Interpretive kiosk will be added to Dallas arboretum

DALLAS -- Ever wonder how important the plants in the Delbert Hunter Arboretum once were to this region's Native tribes?

DALLAS -- Ever wonder how important the plants in the Delbert Hunter Arboretum once were to this region's Native tribes?

This summer, a new arboretum feature will show how Native American tribes once interacted with the region's plant life.

Through a partnership with the Confederated Tribes of Grand Ronde's Ceded Lands program, an informational kiosk will be installed in July.

The Ceded Lands program places detailed signs and maps on lands Native American tribes in Western Oregon ceded to the federal government when they were forced to move the Grand Ronde Reservation. The signs provide information about the tribe's history in those regions.

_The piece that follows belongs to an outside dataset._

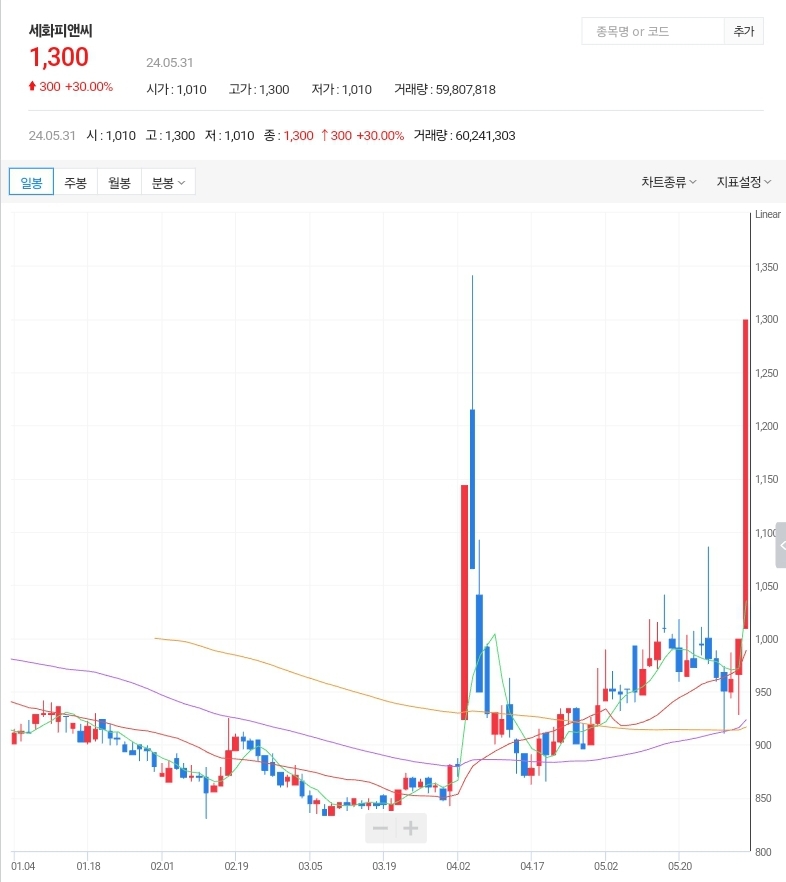 3. 세화피앤씨 - 상승률 30.00% / 거래량 6018만 주

"It's really been a desire of the Tribe as far back as I can remember to engage the public," said Michael Karnosh, the manager for the project. "The Tribe's history is something that is not often in public schools or places that are easily accessible."

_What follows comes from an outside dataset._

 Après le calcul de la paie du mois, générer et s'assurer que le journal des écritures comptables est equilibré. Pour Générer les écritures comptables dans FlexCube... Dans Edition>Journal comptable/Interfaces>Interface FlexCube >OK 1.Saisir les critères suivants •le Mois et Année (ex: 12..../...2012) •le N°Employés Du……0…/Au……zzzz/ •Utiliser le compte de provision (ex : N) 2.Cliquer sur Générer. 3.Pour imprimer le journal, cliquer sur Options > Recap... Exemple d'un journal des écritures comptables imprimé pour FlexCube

Signs are placed in parks or other public places. Since launching the project three years ago, signs have been or will be placed in Salem, Scio, Wilsonville, Ashland and other locations.

Nancy Lenon, the arboretum's curator, said the partnership began as a desire to highlight the plants Native tribes would have used or cultivated in a display.

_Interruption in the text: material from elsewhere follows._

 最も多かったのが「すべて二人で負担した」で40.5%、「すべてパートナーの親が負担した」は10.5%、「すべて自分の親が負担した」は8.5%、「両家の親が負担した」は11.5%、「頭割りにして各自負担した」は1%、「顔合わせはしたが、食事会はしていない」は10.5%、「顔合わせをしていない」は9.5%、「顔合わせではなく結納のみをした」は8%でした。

"We started with just wanting to get some information from the Tribe about how plants were used," Lenon said.

Arboretum managers were told many of the plants were already present in other displays, making an additional feature unnecessary.

However, it turns out the arboretum was a good location for the Ceded Lands program.

"We were quite excited about it," Lenon said. "We just thought this was a beautiful match and immediately started thinking about where we were going to put it."

Karnosh said the kiosk will be three sided, each with a 3-foot-by-4-foot panel containing information about the arboretum, the region's history and native plants and their uses.

Plans are to place the kiosk in the arboretum's meadow feature.

"I like the location," Karnosh said. "It's really close to one of the main trails through the arboretum and I think it will look really nice there."

A dedication for the new kiosk will be scheduled during Summerfest.